-------- Entries provided
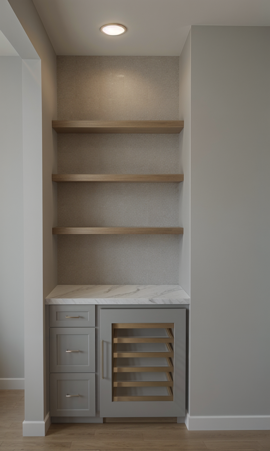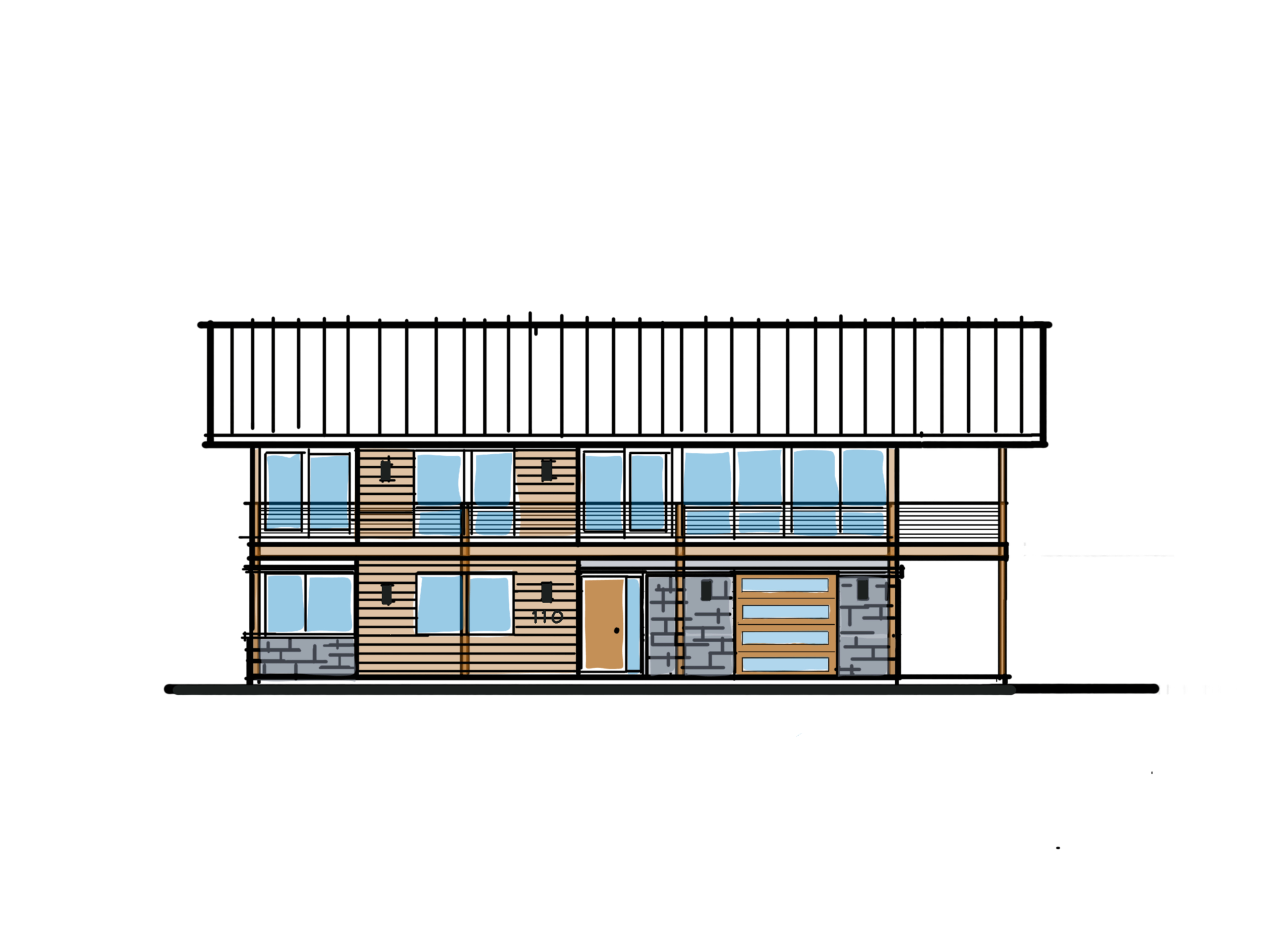 modern house with a covered side porch and low sloped metal roof surround the house with modern zen landscaping and trees warm sunny sky reflecting in the windows
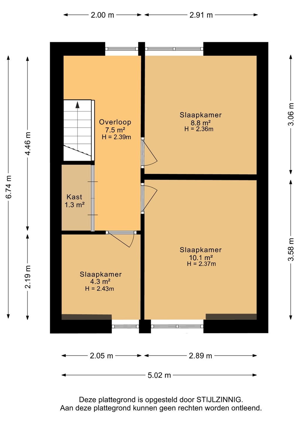 Via de ruime, lichte overloop zijn de drie slaapkamers te bereiken van ca. 4, 9 en 10 m². Ook hier valt de hoge kwaliteit van de afwerking op! De kamers zelf zijn mooi licht en voorzien van een fraaie laminaatvloer. Bovendien is er extra opbergruimte gecreëerd met de grote inbouwkast die vanuit de overloop te bereiken is.
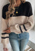 Rock this colorblock knit sweater with its bold black and beige blocking and striped sleeves. The relaxed fit keeps you comfortable while looking effortlessly put-together, whether you're pairing it with jeans or a skirt. A versatile wardrobe essential that works hard for your style.
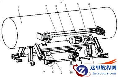 牵引装置主要由牵引机构、压紧机构、调节机构三部分组成,牵引机构是整个牵引装置的核心部分。调节机构主要是以减速机作为动力,通过万向联轴器、链轮、锥齿轮及丝杆的传动来实现调节功能。对于与管道夹角较小的橡胶带,在橡胶带上加装汽缸来实现压紧功能,而对于管道夹角较大的橡胶带则只需依靠管道自身的重力来加压。
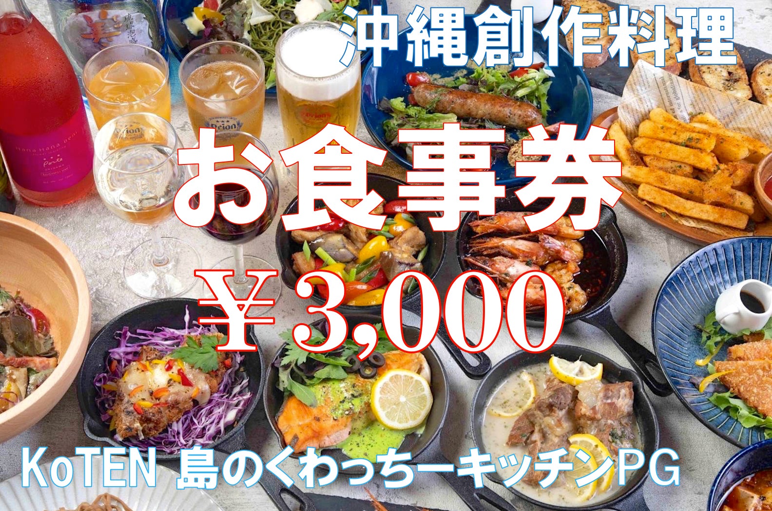 沖縄糸満KoTENでのお食事券です。沖縄の美味しい料理とお酒をお召し上がりください。
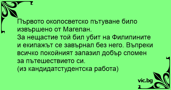 Първото околосветско пътуване било извършено от Магелан.
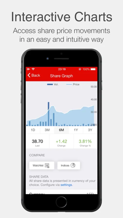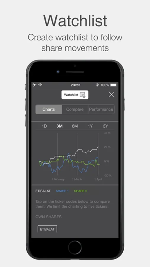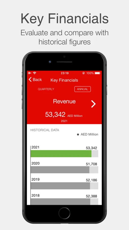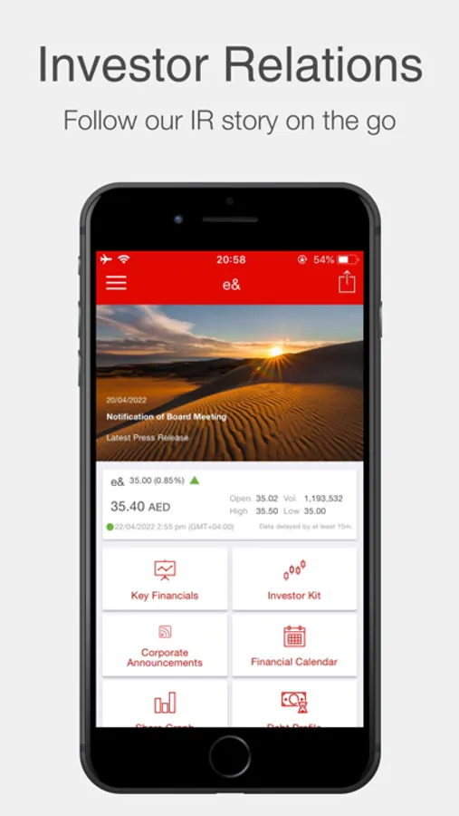The e& Investor Relations app will keep you up-to-date with the latest share price data, stock exchange and press releases, IR calendar events and much more.
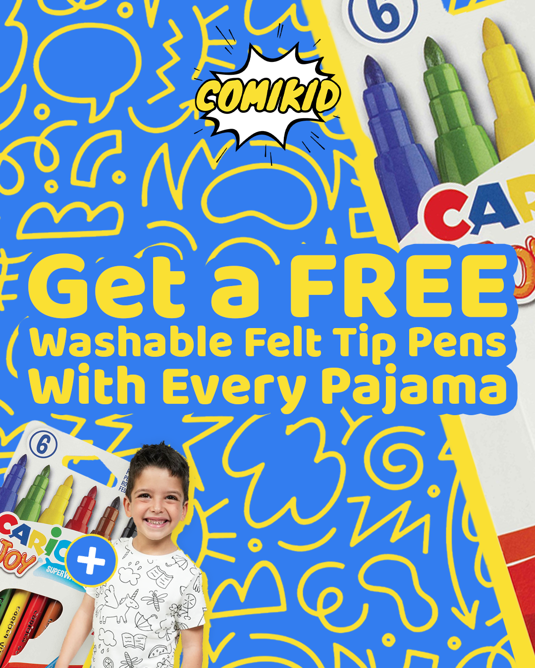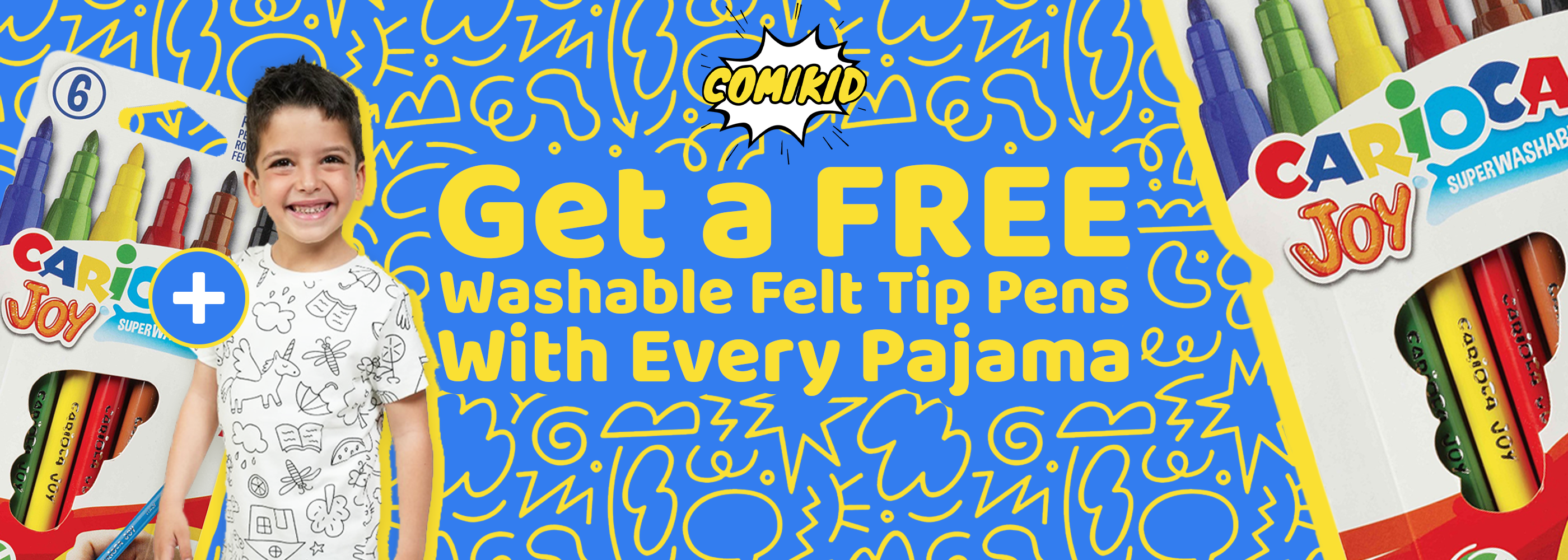 Every pajama set comes with a pack of Carioca Joy Superwashable markers, developed specifically for young children. These pens:
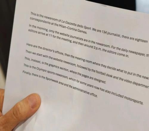 一個有意思的細節是:信心的瑪麗莎-波利為了向海角HJDO43.CCM介紹《米蘭體育報》,提前在一張紙上打印了要講解的細節,上麵標注的員工還有134位。這可能是瑪麗莎-波利的筆誤,當然也有可能就在她不知情的情況下又流失了3名員工。
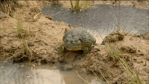 除了这些,非洲牛蛙还要面对气候的威胁,在它们生活的非洲草原上的水潭往往面临着蒸发枯竭的问题。这时候蛙爸爸的巨大体型就要派上用场了,它们会用强壮的身体拱开泥土制造“水渠”,把更大水潭里的水引到小蝌蚪们生活的水潭。
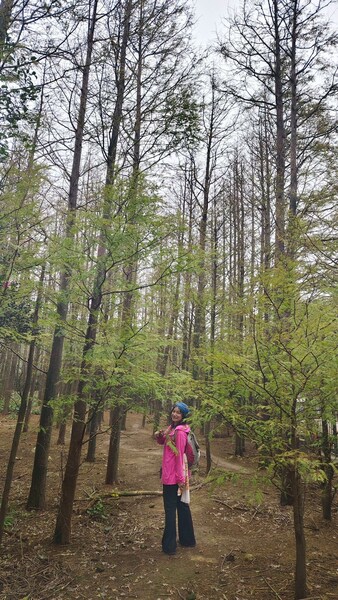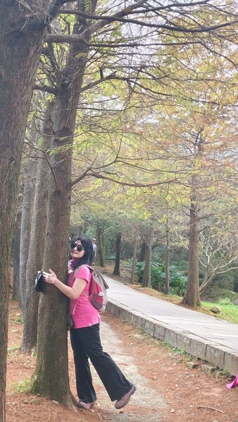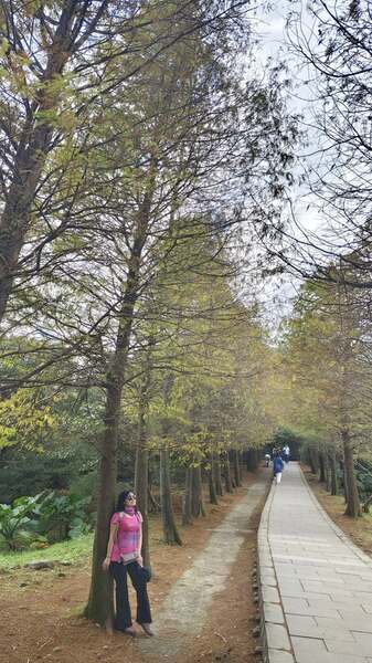 沒想到先迎接我們的是一整排悄悄轉色的落羽松。
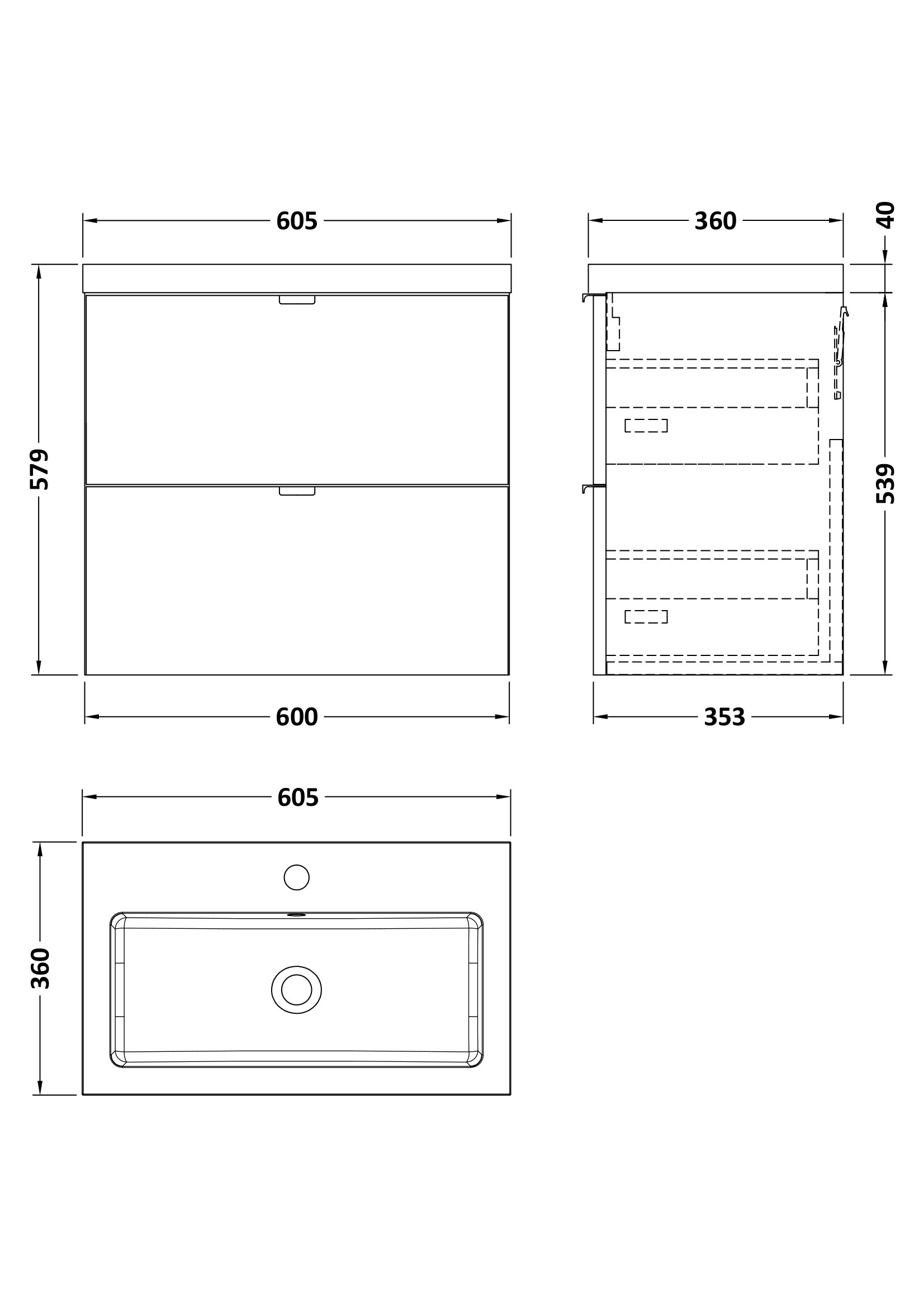 600mm Wall Hung 2-Drawer Unit & Basin by Hudson Reed
----------------
# Task requirements
For the entries above, return an exact copy that omits the images.

# Exercise response
 modern house with a covered side porch and low sloped metal roof surround the house with modern zen landscaping and trees warm sunny sky reflecting in the windows
 Via de ruime, lichte overloop zijn de drie slaapkamers te bereiken van ca. 4, 9 en 10 m². Ook hier valt de hoge kwaliteit van de afwerking op! De kamers zelf zijn mooi licht en voorzien van een fraaie laminaatvloer. Bovendien is er extra opbergruimte gecreëerd met de grote inbouwkast die vanuit de overloop te bereiken is.
 Rock this colorblock knit sweater with its bold black and beige blocking and striped sleeves. The relaxed fit keeps you comfortable while looking effortlessly put-together, whether you're pairing it with jeans or a skirt. A versatile wardrobe essential that works hard for your style.
 牵引装置主要由牵引机构、压紧机构、调节机构三部分组成,牵引机构是整个牵引装置的核心部分。调节机构主要是以减速机作为动力,通过万向联轴器、链轮、锥齿轮及丝杆的传动来实现调节功能。对于与管道夹角较小的橡胶带,在橡胶带上加装汽缸来实现压紧功能,而对于管道夹角较大的橡胶带则只需依靠管道自身的重力来加压。
 沖縄糸満KoTENでのお食事券です。沖縄の美味しい料理とお酒をお召し上がりください。
 Първото околосветско пътуване било извършено от Магелан.
The e& Investor Relations app will keep you up-to-date with the latest share price data, stock exchange and press releases, IR calendar events and much more.
 Every pajama set comes with a pack of Carioca Joy Superwashable markers, developed specifically for young children. These pens:
 一個有意思的細節是:信心的瑪麗莎-波利為了向海角HJDO43.CCM介紹《米蘭體育報》,提前在一張紙上打印了要講解的細節,上麵標注的員工還有134位。這可能是瑪麗莎-波利的筆誤,當然也有可能就在她不知情的情況下又流失了3名員工。
 除了这些,非洲牛蛙还要面对气候的威胁,在它们生活的非洲草原上的水潭往往面临着蒸发枯竭的问题。这时候蛙爸爸的巨大体型就要派上用场了,它们会用强壮的身体拱开泥土制造“水渠”,把更大水潭里的水引到小蝌蚪们生活的水潭。
 沒想到先迎接我們的是一整排悄悄轉色的落羽松。
 600mm Wall Hung 2-Drawer Unit & Basin by Hudson Reed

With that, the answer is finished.